# Has anyone seen 1970 gto with 04 wheels?



## skapegoat (Nov 5, 2008)

I have 1 wheel leftover from my 04 gto that I put on my 70 and it is hard for me to imagine what it would look like with both wheels and tires. Does anyone have pics of one with the 17" 04 gto wheels?


----------



## skapegoat (Nov 5, 2008)

I got my 06 GTO wheels on the other day. The tires that came with them are a little bit smaller then the G70 14's that should be on there but after these are warn out I'll get a taller tire. Probably not the best wheel for it but the total investment for tires and wheels was $275 and the tires are almost new.


----------



## HP11 (Apr 11, 2009)

What matters is whether or not you like them. It's your car... To me, the 'dish' of those wheels just isn't right for a car of that vintage.


----------



## Eric Animal (Oct 28, 2007)

HONEY COMBS look great on a 70 GTO! Wouldn't want to clean 'em though! IMHO......arty:


----------



## Eric Animal (Oct 28, 2007)

skapegoat said:


> I got my 06 GTO wheels on the other day. The tires that came with them are a little bit smaller then the G70 14's that should be on there but after these are warn out I'll get a taller tire. Probably not the best wheel for it but the total investment for tires and wheels was $275 and the tires are almost new.

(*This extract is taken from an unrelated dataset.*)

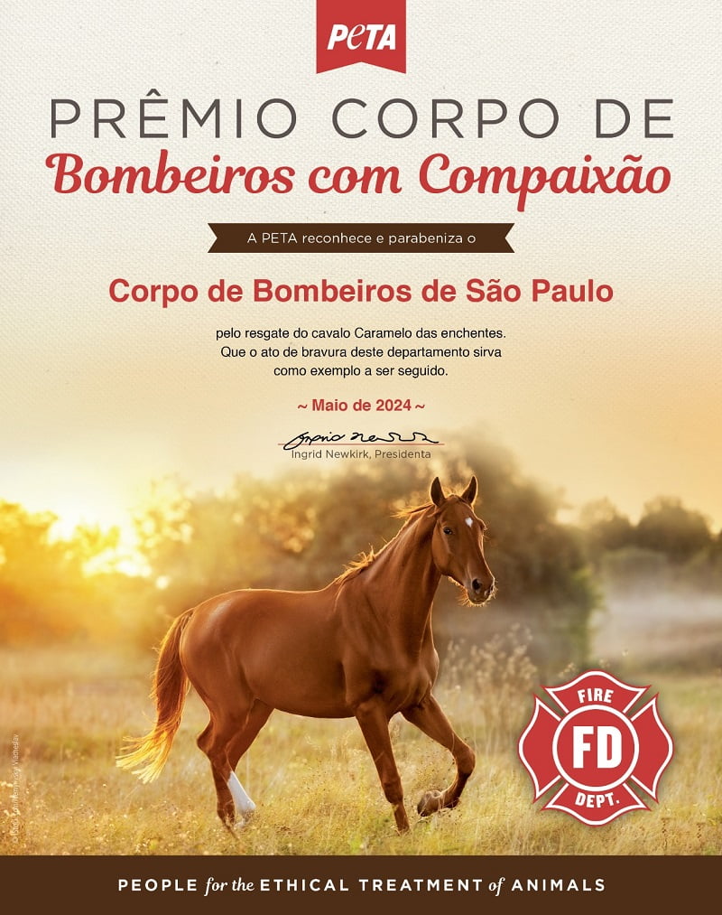 O Corpo de Bombeiros de São Paulo foi homenageado pelo resgate do cavalo Caramelo, realizado em Canoas, no Rio Grande do Sul, em 09 de maio. O prêmio é da organização não governamental Pessoas pelo Tratamento Ético dos Animais (Peta).

Skape, Where'd you get the side pipes? Do you have the covers?? The car is looking good man! eric:cheers


----------



## 58mark (Sep 28, 2010)

I've always thought snowflakes would look good too


----------



## skapegoat (Nov 5, 2008)

Somewhere sometime I saw some wheels that looked like rally 2's but they were bigger but I can't find them and don't have 3 grand laying around. The 06 GTO wheels are kinda similar to the rally 2 wheels as far as design but there is no dish that I think would look better but don't exist. The side pipes are leftovers from my dad's 70 amx. He has the same hooker headers so they bolted right up. It is just temporary untill I do the exhaust I want.


----------



## crustysack (Oct 5, 2008)

those wheels look great on the car- did they bolt right up or did you need to have an adapter made??


----------



## skapegoat (Nov 5, 2008)

I had to space them out 1" to get the back spacing factory but I wish I spaced them out more. The bolt pattern is .65mm bigger then the 06 wheels. Its close enough I don't think it'll be a problem. If it is I'll get a thicker spacer that adapts it to the right size.


----------